** THE DATA follows **

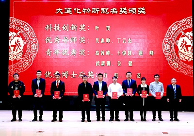 會議表彰了2021年度冠名獎。黨委書記金玉奇宣讀了冠名獎的表彰決定。會議采用頒獎詞和視頻播放相結(jié)合的形式,介紹了2021年度冠名獎獲得團隊和個人的突出事跡,并特別獎勵了榮獲2020年度國家自然科學一等獎的科研團隊。所長劉中民為獲獎團隊和個人頒獎。
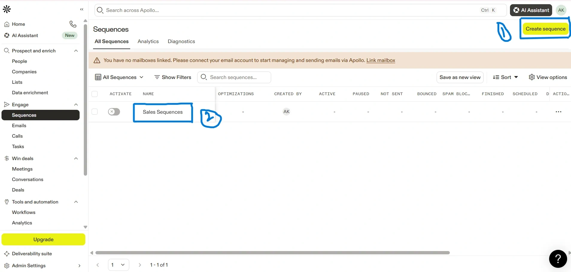 After click on Sequences, This will open the Sequences page, where you can , Create a new sequence, View existing sequences
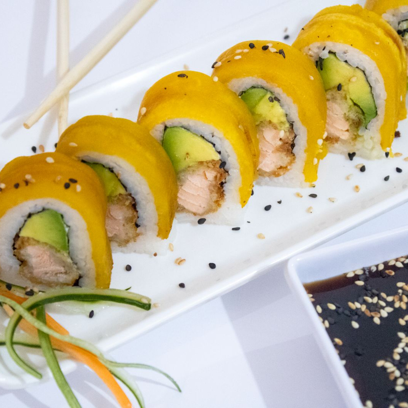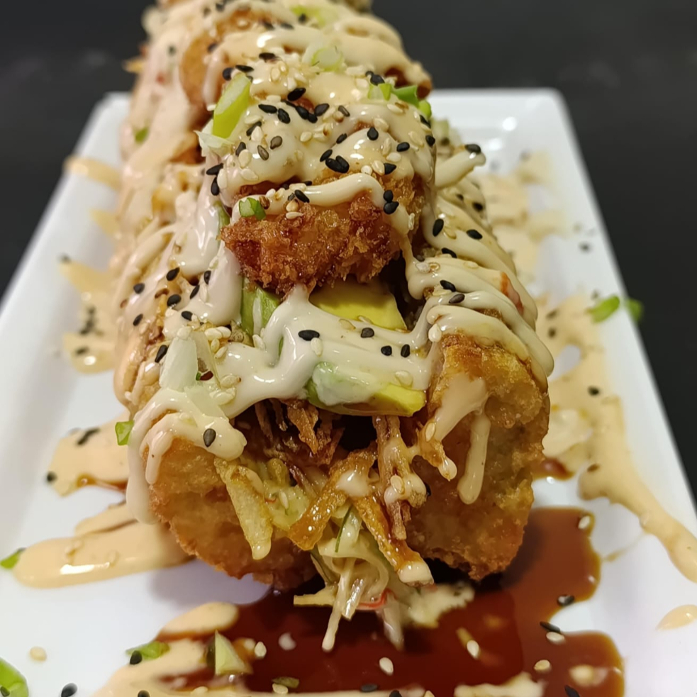 arroz alga nori queso crema platano pasta dinamita yuca crocante camarones apanado cebollin salsa dinamita salsa teriyaki y salsa fuji
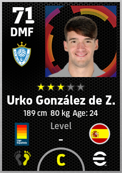 . Urko González De Z. is a Defensive Midfielder footballer from Spain who plays for Llobregat Ab in eFootball 2026.
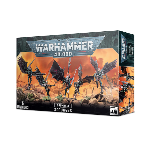 A rich and daring Drukhari may surrender himself to the Haemonculi, requesting that his bones be hollowed out, that bands of new muscle be grafted onto his torso, and powerful wings and adrenaline dispensers be attached to his shoulders so that he is capable of true flight. The Kabal overlords pay handsomely for these veteran warriors to fight for them and as a result the Scourges will often equip themselves with the best weaponry and armour that they can find. It is rare for the Scourges to engage the enemy up close, preferring to lay down a withering hail of fire before flying away out of harm's reach.
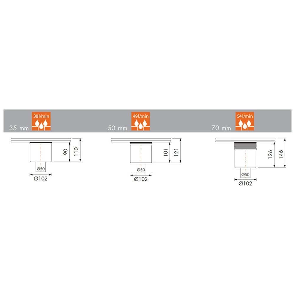 - Ablaufleistung bei Sperrwasserhöhe 5 cm: 49 L/ min
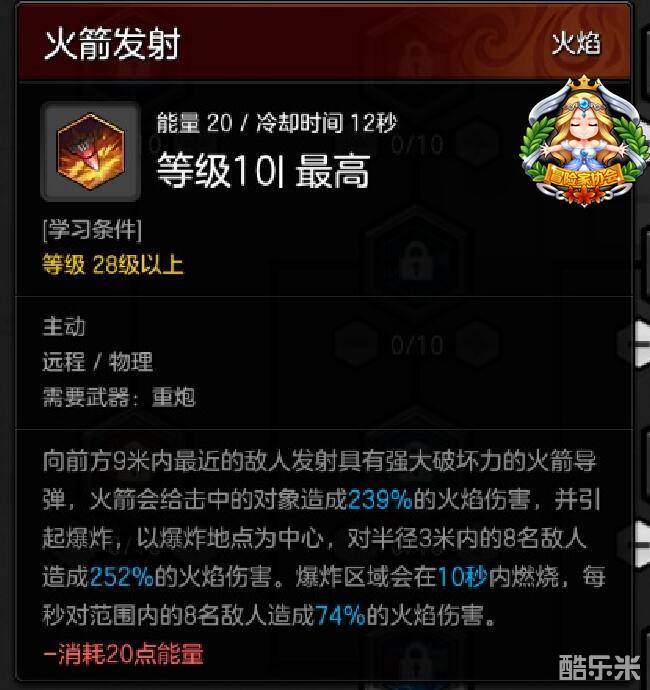 火箭发射:向前方9米发射火箭弹,造成伤害且爆炸后引燃范围区域造成持续伤害。
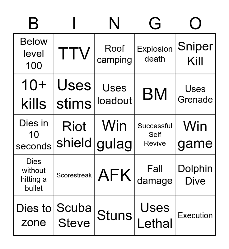 This bingo card has a free space and 24 words: Scorestreak, Scuba Steve, Uses loadout, Dies to zone, Sniper Kill, Below level 100, 10+ kills, TTV, Successful Self Revive, AFK, BM, Dies in 10 seconds, Fall damage, Dolphin Dive, Uses stims, Uses Lethal, Win game, Roof camping, Uses Grenade, Riot shield, Execution, Dies without hitting a bullet, Explosion death and Stuns.
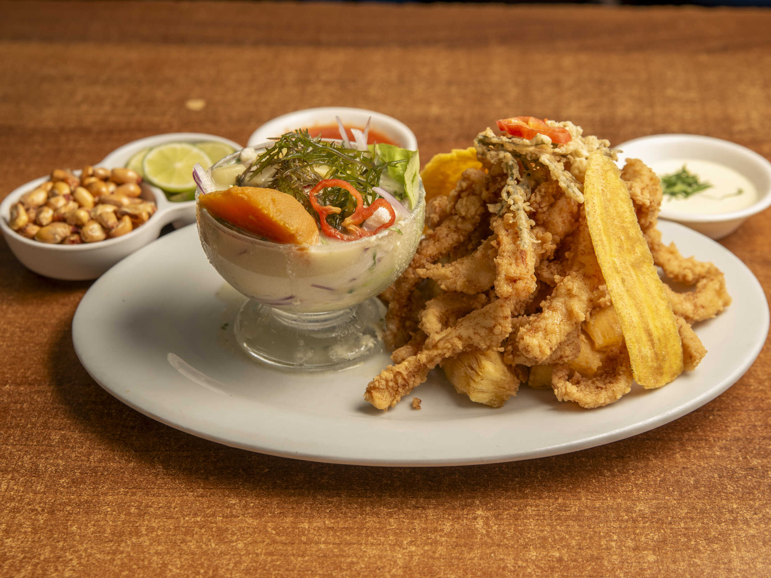 Tiradito+ Ceviche+Chicharron de Pescado+Gaseosa
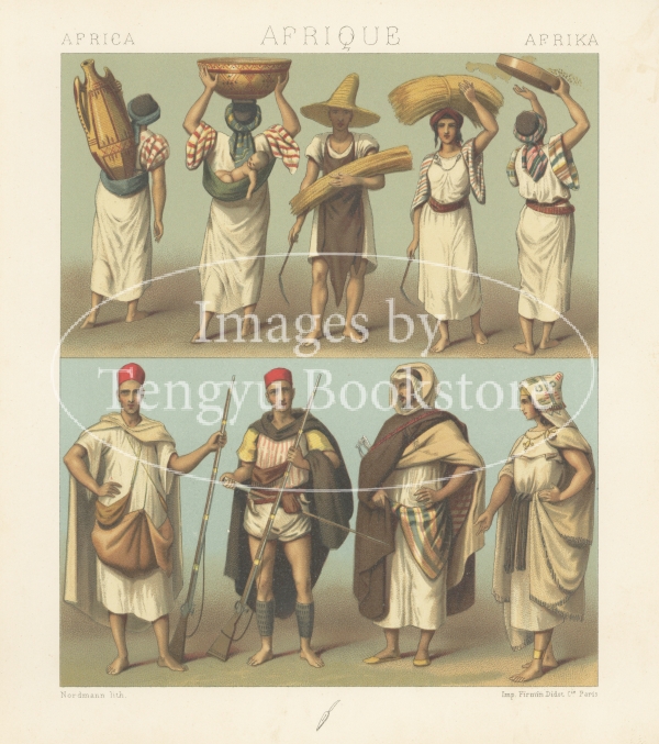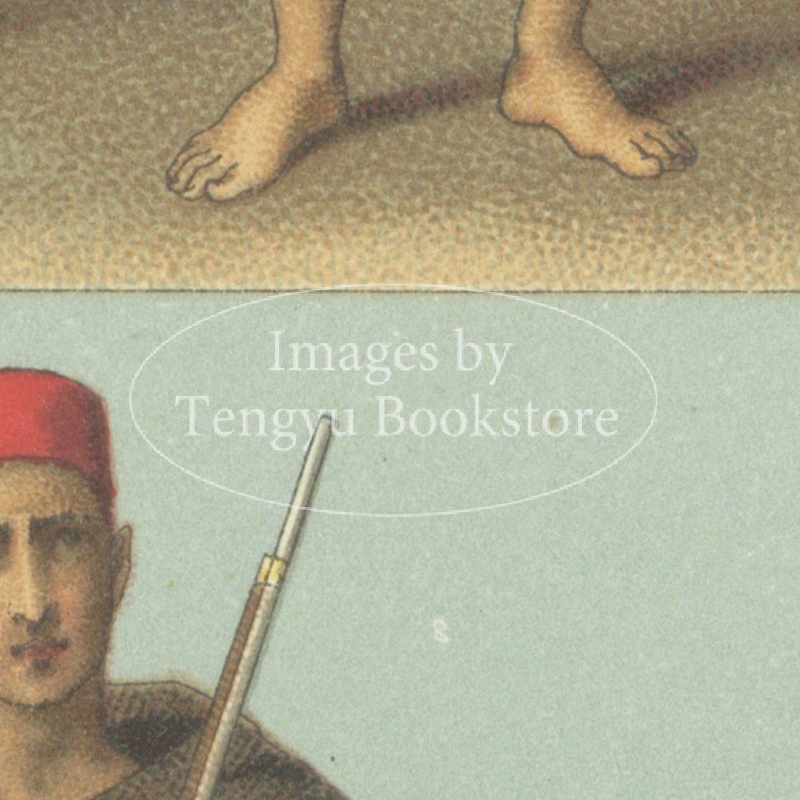 多色刷石版によってカラー印刷された、世界の歴史的衣装や民族衣装の図は、資料的な価値はもちろん、美術的にも評価の高い貴重なイラストです。
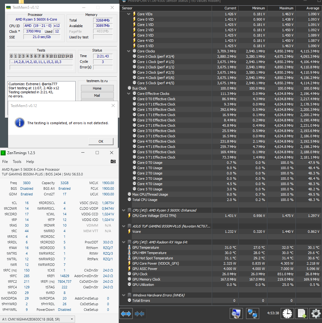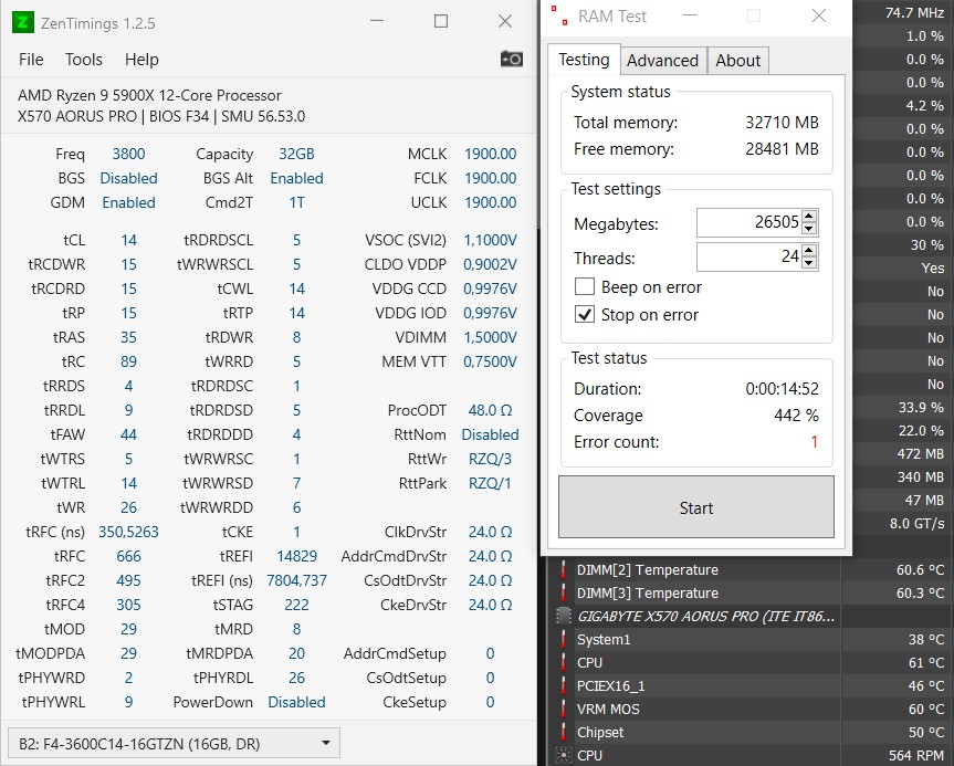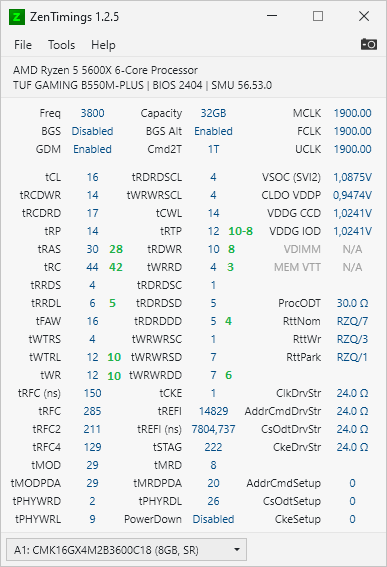 Edit: Alle Settings @ 1.4250V vDimm (SoC 1.100v, VDDP 0.950V, CCD/IOD 1.025V)

** End of THE DATA **

• ASSIGNMENT:
I need the lines from the one containing "Tiradito+ Ceviche+Chicharron de" through the end of the records retyped exactly, with the pictures left out.

• OUTPUT OF THE EXERCISE:
 Tiradito+ Ceviche+Chicharron de Pescado+Gaseosa
 多色刷石版によってカラー印刷された、世界の歴史的衣装や民族衣装の図は、資料的な価値はもちろん、美術的にも評価の高い貴重なイラストです。
 Edit: Alle Settings @ 1.4250V vDimm (SoC 1.100v, VDDP 0.950V, CCD/IOD 1.025V)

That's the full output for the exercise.